Serum Liver Enzymes Serve as Prognostic Factors in Patients With Intrahepatic Cholangiocarcinoma

the ONA take:

Median survival for patients with intrahepatic cholangiocarcinoma (ICC), a rare gastrointestinal cancer being diagnosed in an increasing number of people, is poor: not more than 12 months. However, significant variations in survival status have been reported in the clinical data.

Liver function is often used as a prognostic factor for patients with many types of cancer, where clinical signs of liver damage are indicative of poor patient prognosis. In this study, researchers sought to determine the impact of these liver enzymes on overall survival for patients with ICC: albumin (ALB), globulin (GELO), total protein (TP), alkaline phosphatase (ALP), alanine aminotransferase (ALT), aspartate aminotransferase (AST), total bilirubin (TBIL), direct bilirubin (DBIL), gamma glutamyltranspeptidase (GGT), and lactate dehydrogenase (LDH).

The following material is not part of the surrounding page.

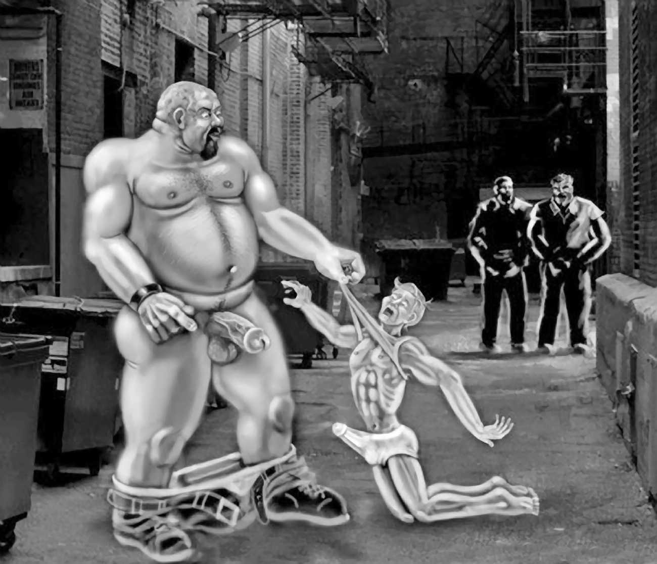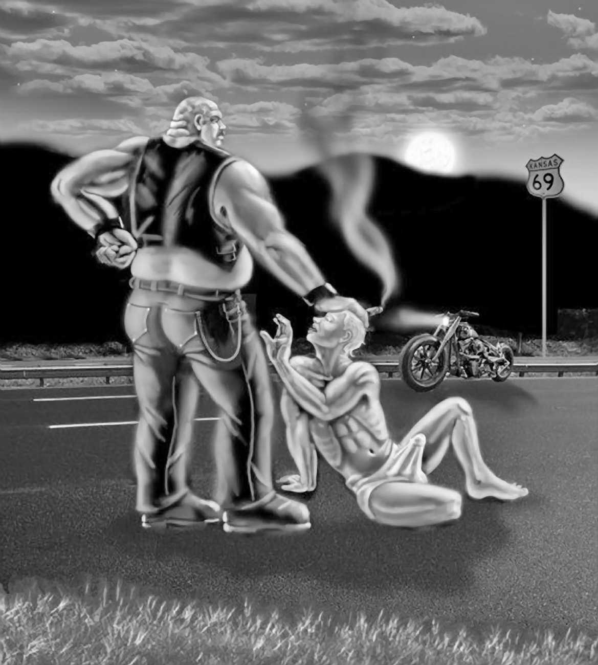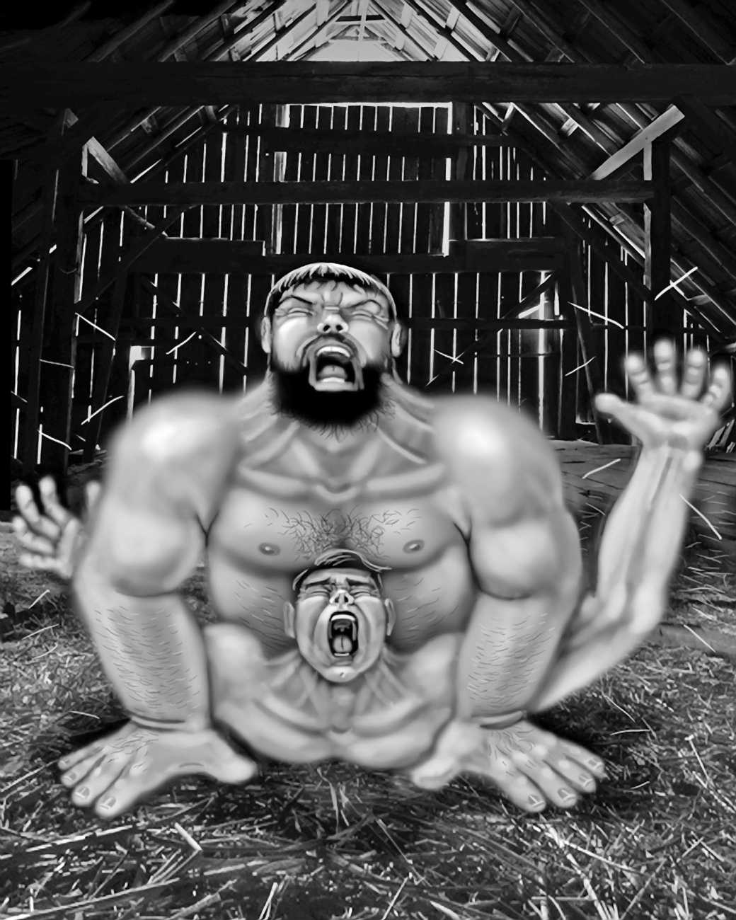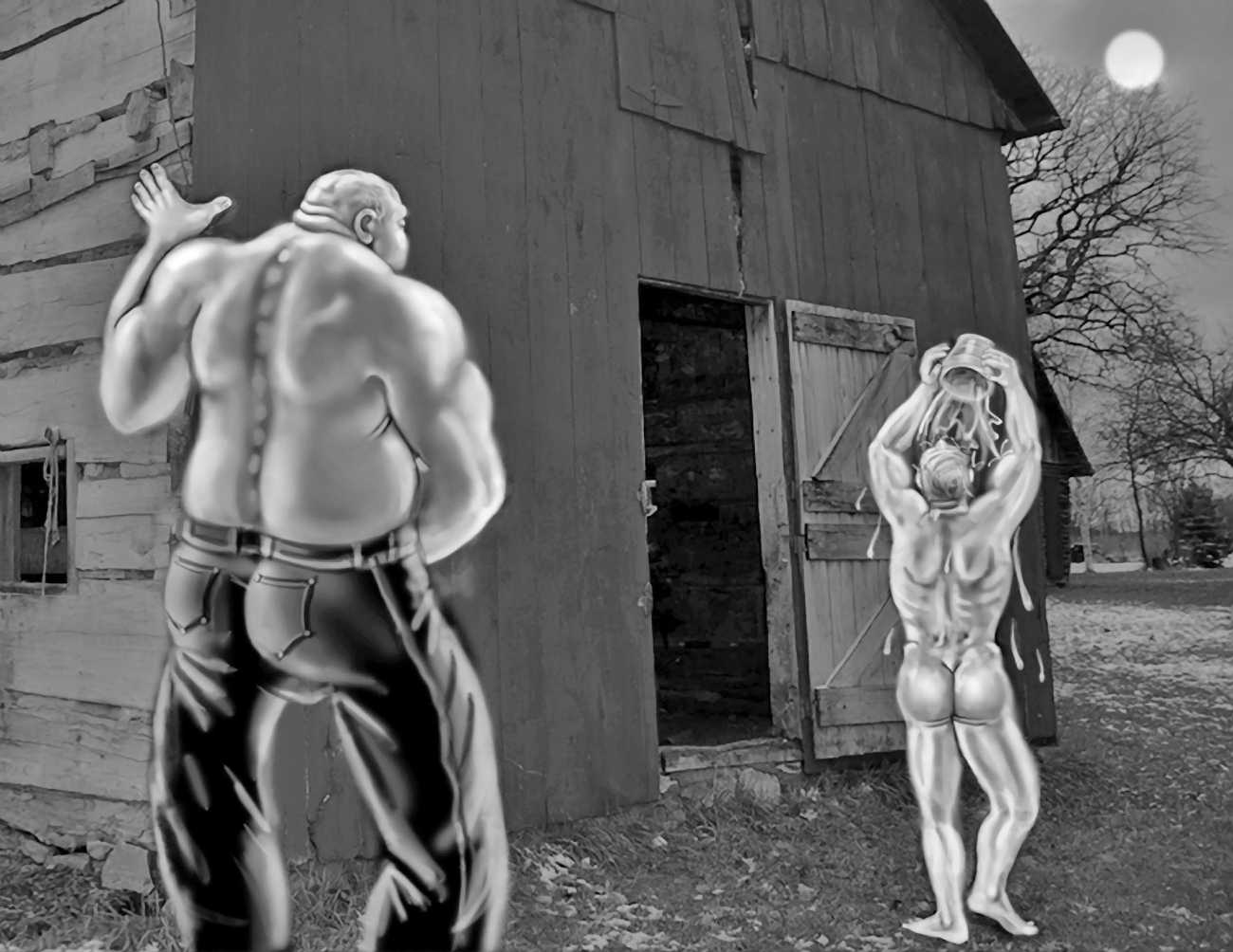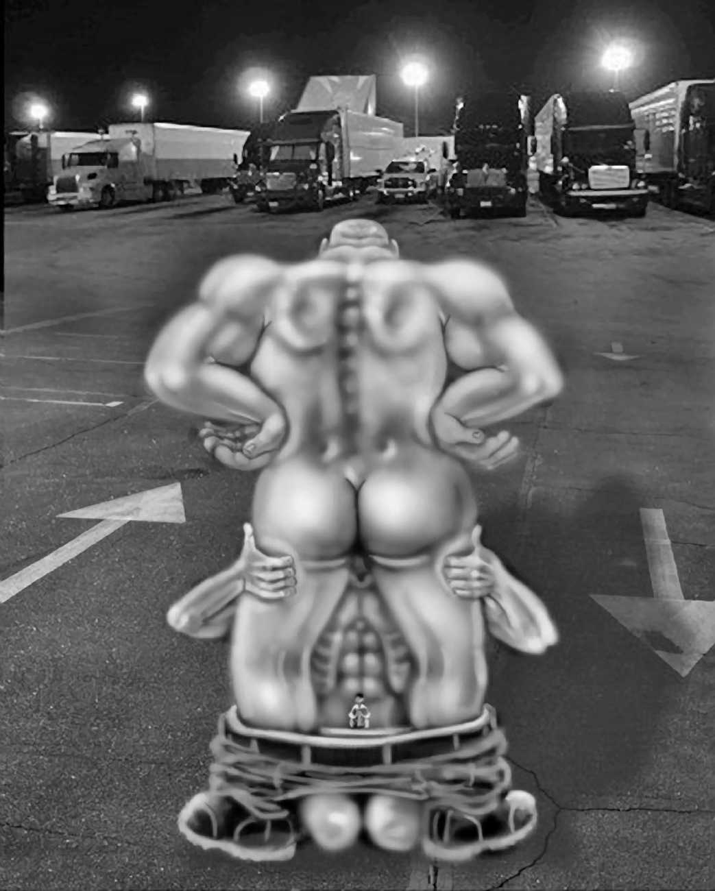 Gods and Monsters started life on Tumblr in the late 2000s, as Lavey experimented with Photoshop, combining his trademark dark monochrome encounters between ‘bears’ and ‘cubs’ with found background images of warehouses, abandoned factories and truckstops. Being something of a bear himself – heavy-set and projecting an idealised image of rugged masculinity – his images convey something of autobiography and of fantasy, both for himself and for his audience.

For the study, researchers enrolled patients with pathologically confirmed locally advanced or metastatic ICC between 2011 and 2015. The impact of levels of the 10 liver enzymes on overall survival was analyzed using Kaplan-Meier analysis. Then, univariate and multivariate analyses were used to evaluate the association between the liver enzymes and overall survival. Lastly, the researchers evaluated the role of these enzymes in overall survival in the subgroups.

Their findings reveal that elevated levels of ALP, TBIL, DBIL, and GGT were independent prognostic factors of poor outcome for patients with ICC, but elevated ALB is a protective factor for these patients. “Our results demonstrate that these liver enzymes may serve as valuable predictive markers in ICC patients,” the researchers conclude.

OncoTargets and Therapy
OncoTargets and Therapy

Objective: Liver functions, reflective of the overall status of the host, have been reported to be important factors affecting the prognosis in many types of cancers. In this study, we explored the influences of liver enzymes albumin (ALB), globulin (GELO), total protein (TP), alkaline phosphatase (ALP), alanine aminotransferase (ALT), aspartate aminotransferase (AST), total bilirubin (TBIL), direct bilirubin (DBIL), gamma glutamyltranspeptidase (GGT), and lactate dehydrogenase (LDH) on the overall survival (OS) in a number of 173 patients with intrahepatic cholangiocarcinoma (ICC).
Patients and methods: Between 2011 and 2015, we enrolled patients with pathologically proven locally advanced or metastatic ICC. The impact of ALB, GELO, TP, ALP, ALT, AST, TBIL, DBIL, GGT, and LDH on OS were analyzed using Kaplan–Meier analysis. Next, the associations between these liver enzymes and OS were evaluated by univariate and multivariate analyses. Finally, the role of these enzymes in OS was evaluated in the subgroups.
Results: Elevated liver enzymes were linked with OS. We revealed that independent prognostic factors of poor outcome were ALP, TBIL, DBIL, and GGT, whereas ALB is a protective factor in ICC patients.
Conclusion: Our results demonstrate that these liver enzymes may serve as valuable predictive markers in ICC patients.


Keywords: liver enzymes, prognosis, overall survival, intrahepatic cholangiocarcinoma 

INTRODUCTION

Intrahepatic cholangiocarcinoma (ICC), as one of the most devastating malignancies, comprises 15% of all primary liver cancers.1,2 It is very sinister and signifies a dismal prognosis. Despite being a rare malignancy, studies have shown that a growing number of people are diagnosed with and dying of the disease.3–6 Unlike other tumors originating from the liver and gastrointestinal tract, the pathogenesis of ICC remains sophisticated and obscure, thus making the disease more intractable and challenging.7Moreover, the median survival of ICC patients is no more than 12 months, even after different treatments such as surgery, systemic chemotherapy, or radiotherapy.8 However, clinical data have shown that survival status varies significantly among patients with ICC. The commonly acknowledged factors that may serve as predictors for survival include intrahepatic satellite lesions, lymph node invasion, and distant metastasis.9–11

Cancer is a disease implicating the metabolism of the whole body rather than targeting organs.6 Liver functions, indicative of the degree of liver damage, partly reflect the tumor biology status. In clinical practice, we have found that patients with deteriorated liver functions often have unsatisfactory prognosis compared to those with tolerable parameters.